- Location of Fairview, Montana
- Coordinates: 47°51′07″N 104°03′03″W﻿ / ﻿47.85194°N 104.05083°W
- Country: United States
- State: Montana
- County: Richland
- Established: 1906

Area
- • Total: 0.80 sq mi (2.07 km^{2})
- • Land: 0.80 sq mi (2.07 km^{2})
- • Water: 0 sq mi (0.00 km^{2})
- Elevation: 1,926 ft (587 m)

Population (2020)
- • Total: 896
- • Density: 1,118.4/sq mi (431.82/km^{2})
- Time zone: UTC-7 (Mountain (MST))
- • Summer (DST): UTC-6 (MDT)
- ZIP code: 59221
- Area code: 406
- FIPS code: 30-25300
- GNIS feature ID: 2412618
- Website: https://fairviewmt.com/

= Fairview, Montana =

Fairview is a town in Richland County, Montana, United States. The population was 896 at the 2020 census. Incorporated in 1913, the town lies on the North Dakota border.

==Geography==

According to the United States Census Bureau, the town has a total area of 0.97 sqmi, all land.

==Demographics==

Historical population
| Census | Pop. | Note | %± |
| 1920 | 513 |  | — |
| 1930 | 576 |  | 12.3% |
| 1940 | 901 |  | 56.4% |
| 1950 | 942 |  | 4.6% |
| 1960 | 1,006 |  | 6.8% |
| 1970 | 956 |  | −5.0% |
| 1980 | 1,366 |  | 42.9% |
| 1990 | 869 |  | −36.4% |
| 2000 | 709 |  | −18.4% |
| 2010 | 840 |  | 18.5% |
| 2020 | 896 |  | 6.7% |
U.S. Decennial Census

===2010 census===
As of the census of 2010, there were 840 people, 354 households, and 217 families living in the town. The population density was 866.0 PD/sqmi. There were 383 housing units at an average density of 394.8 /sqmi. The racial makeup of the town was 95.5% White, 0.2% African American, 1.7% Native American, 1.4% from other races, and 1.2% from two or more races. Hispanic or Latino of any race were 3.3% of the population.

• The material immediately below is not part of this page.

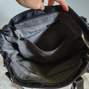 Ellen Tracy Black Gold Twill Nylon East West Tote Shoulder Bag Purse NWT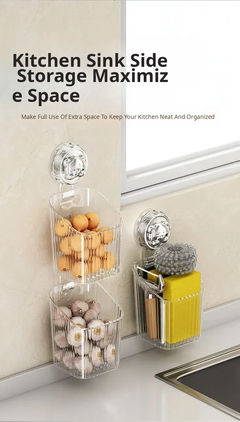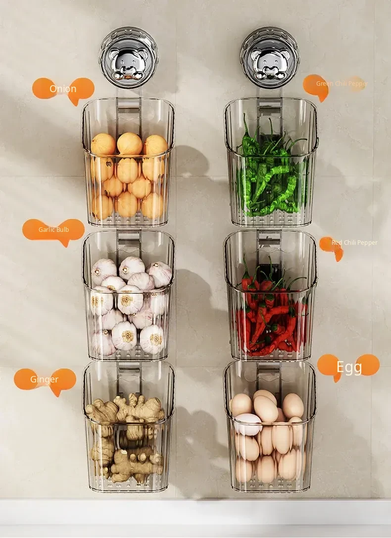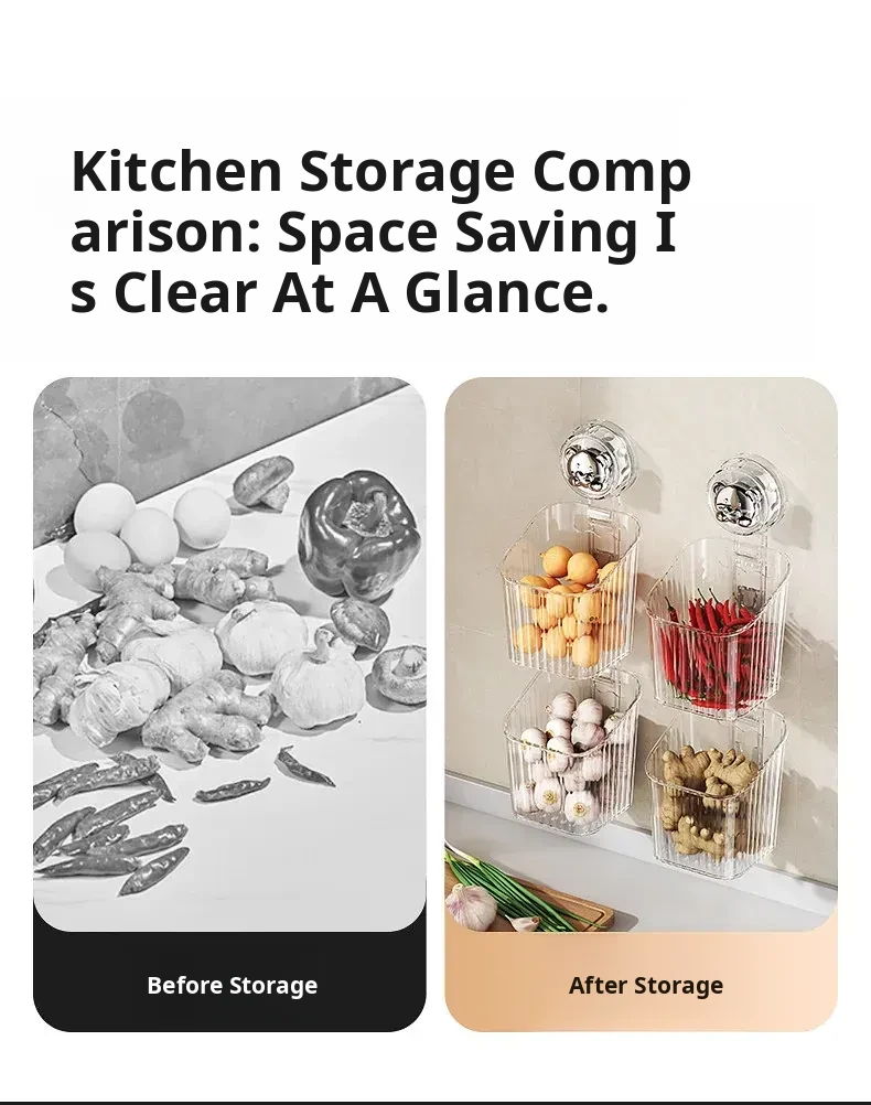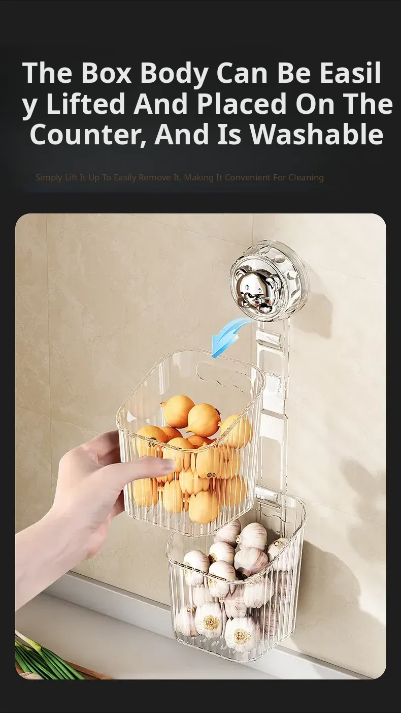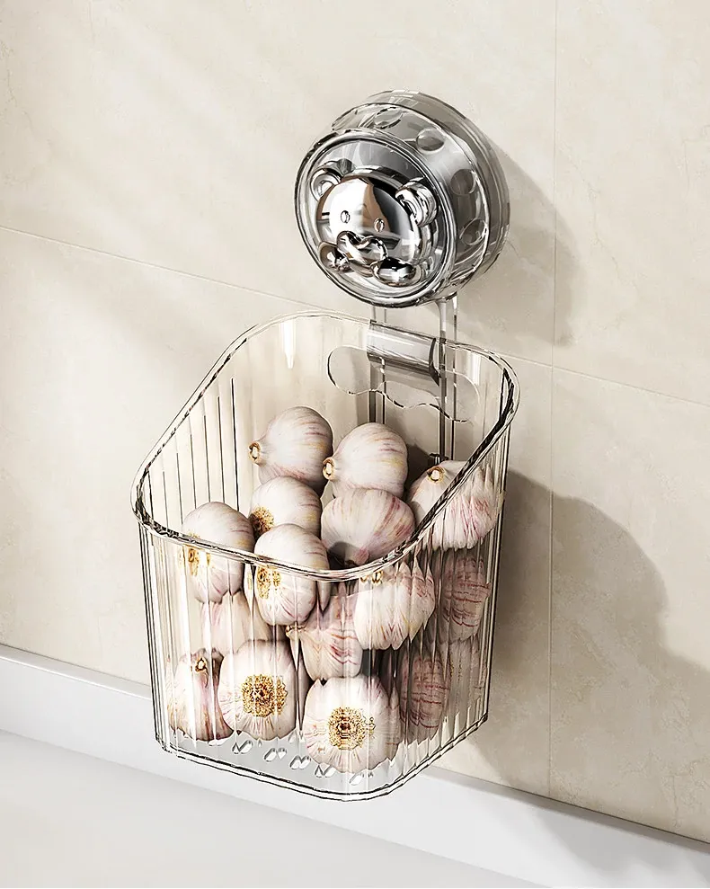 Kitchen Garlic Ginger Onion Storage Box - Suction Cup Organizer for Easy Access, No Drilling Required, Perfect for Storing Ginger and Garlic, Convenient Hanging Basket

There were 354 households, of which 32.8% had children under the age of 18 living with them, 42.9% were married couples living together, 11.3% had a female householder with no husband present, 7.1% had a male householder with no wife present, and 38.7% were non-families. 33.3% of all households were made up of individuals, and 13.6% had someone living alone who was 65 years of age or older. The average household size was 2.37 and the average family size was 3.02.

The median age in the town was 37.8 years. 26.7% of residents were under the age of 18; 7.5% were between the ages of 18 and 24; 26.1% were from 25 to 44; 24.7% were from 45 to 64; and 15.1% were 65 years of age or older. The gender makeup of the town was 51.4% male and 48.6% female.

===2000 census===
As of the census of 2000, there were 709 people, 310 households, and 184 families living in the town. The population density was 736.4 PD/sqmi. There were 390 housing units at an average density of 405.1 /sqmi. The racial makeup of the town was 96.47% White, 0.85% Native American, 0.99% from other races, and 1.69% from two or more races. Hispanic or Latino of any race were 2.40% of the population.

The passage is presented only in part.